TASK DESCRIPTION:
Having located "整个项目包含两个地块,地理位", write out its line and the remaining lines of the material exactly, the last one included, but not the pictures.

ENTRIES PROVIDED:
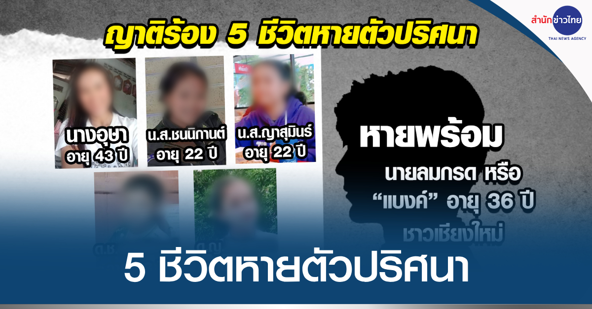 ขณะที่มีรายงานจากชุดสืบสวนฯ ว่า ผู้ที่หายตัวไปมีปัญหาเรื่องหนี้สิน และนำที่ดินของญาติคนหนึ่งไปขาย อย่างไรก็ตาม ประเด็นที่น่าเป็นห่วง คือ ไม่สามารถติดต่อทั้ง 5 คนได้ และตอนนี้ยังไม่ทราบชะตากรรม. – สำนักข่าวไทย
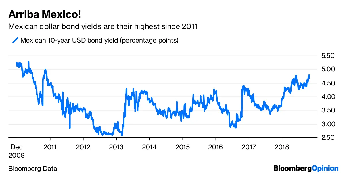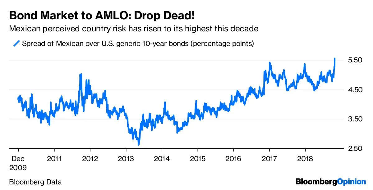 墨西哥当选总统安德烈斯·曼努埃尔·洛佩斯·奥夫拉多尔(AMLO)宣布将 取消在特斯科科谷为墨西哥城计划建设的新机场,这并不是市场想要听到的消息。 已经有很多资金投入 到机场项目中,该项目已在国际上发行债券以融资建设。对此,债券交易员将墨西哥政府债券的收益率推高至本十年来相对于美国国债的最高水平。
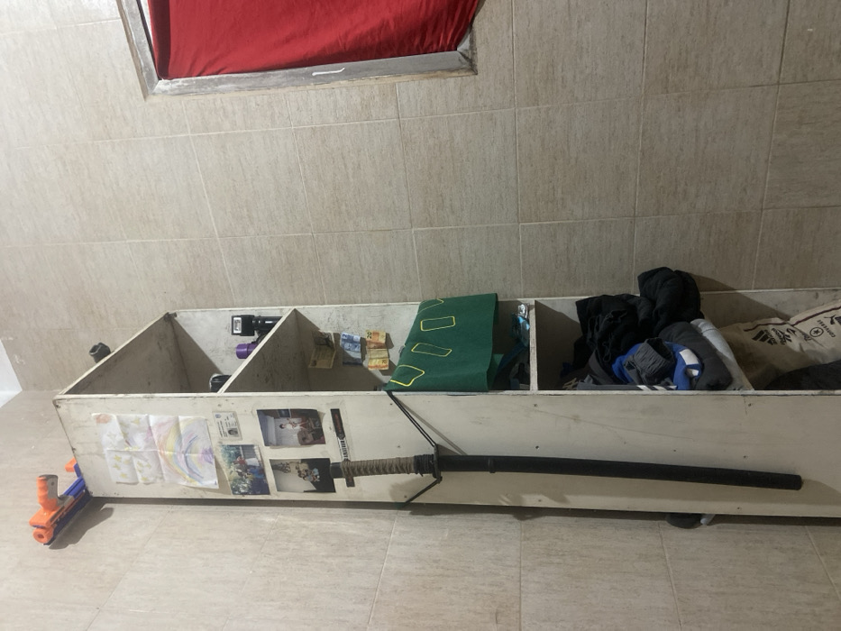 A long, white shelf unit with open compartments sits against a tiled wall. The compartments contain various items: money, a green object, clothes, and bags. The front of the unit is decorated with drawings, photographs, and a long black sword with a wrapped handle. A toy gun rests on the floor next to the shelf. A red cloth partially covers a window near the top of the frame.
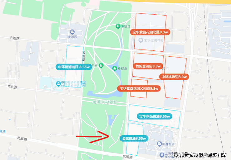 整个项目包含两个地块,地理位置就在宝华紫薇之星南侧,联动价8.55万元/㎡。这块地是2023年四批次土拍时由金隅地产拿下,也是紧挨桃浦绿地的景观房。
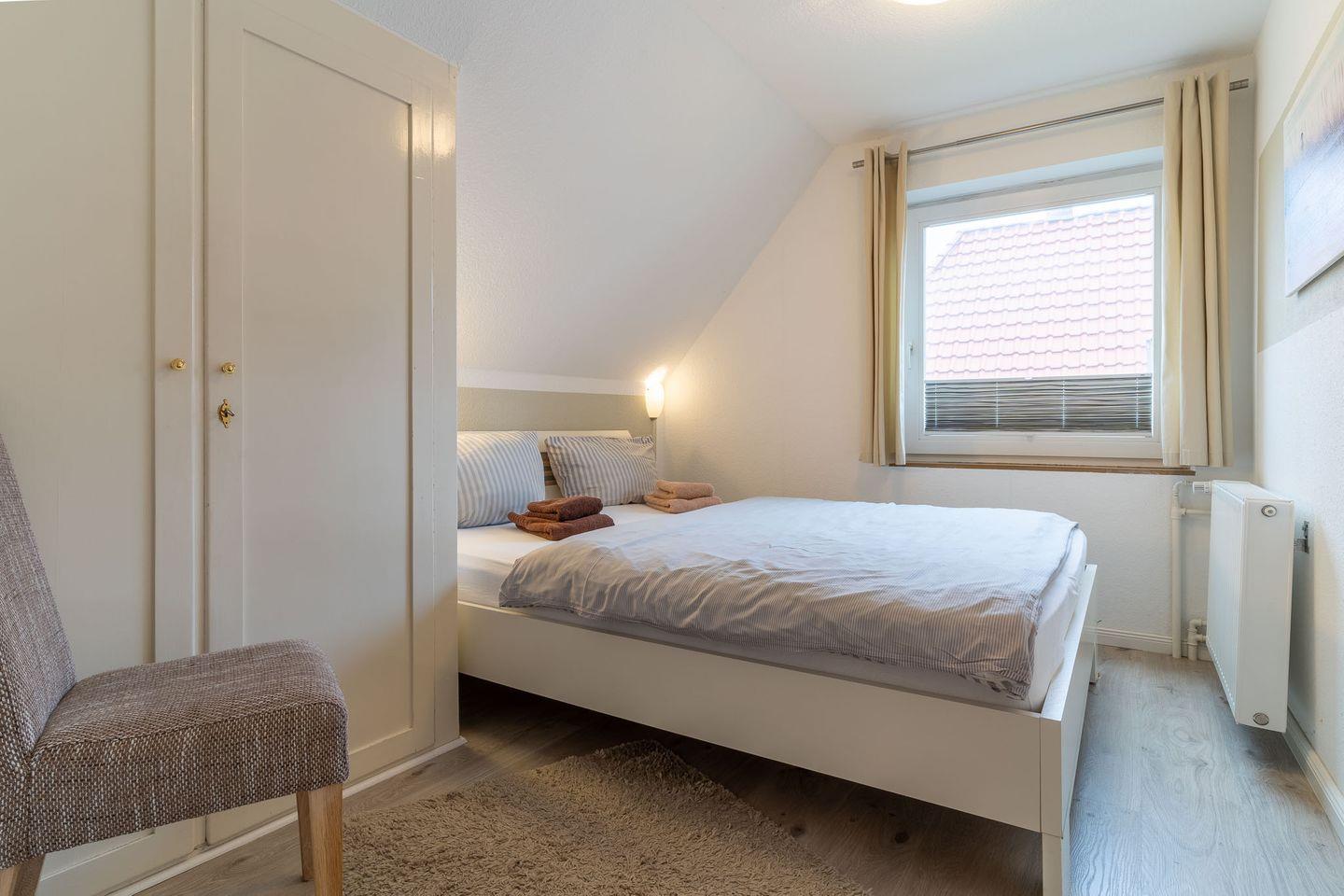 Das Schlafzimmer ist mit einem bequemen Doppelbett (200 x 160 cm) ausgestattet und sorgt für einen erholsamen Schlaf. Die Fenster sind mit Plissees verdunkelt. Das Tageslicht-Duschbad mit WC ist funktional eingerichtet. Auf dem nach Süden ausgerichteten Balkon oder im Garten mit Strandkorb können Sie die Sonne und frische Luft genießen.

FINAL ANSWER:
 整个项目包含两个地块,地理位置就在宝华紫薇之星南侧,联动价8.55万元/㎡。这块地是2023年四批次土拍时由金隅地产拿下,也是紧挨桃浦绿地的景观房。
 Das Schlafzimmer ist mit einem bequemen Doppelbett (200 x 160 cm) ausgestattet und sorgt für einen erholsamen Schlaf. Die Fenster sind mit Plissees verdunkelt. Das Tageslicht-Duschbad mit WC ist funktional eingerichtet. Auf dem nach Süden ausgerichteten Balkon oder im Garten mit Strandkorb können Sie die Sonne und frische Luft genießen.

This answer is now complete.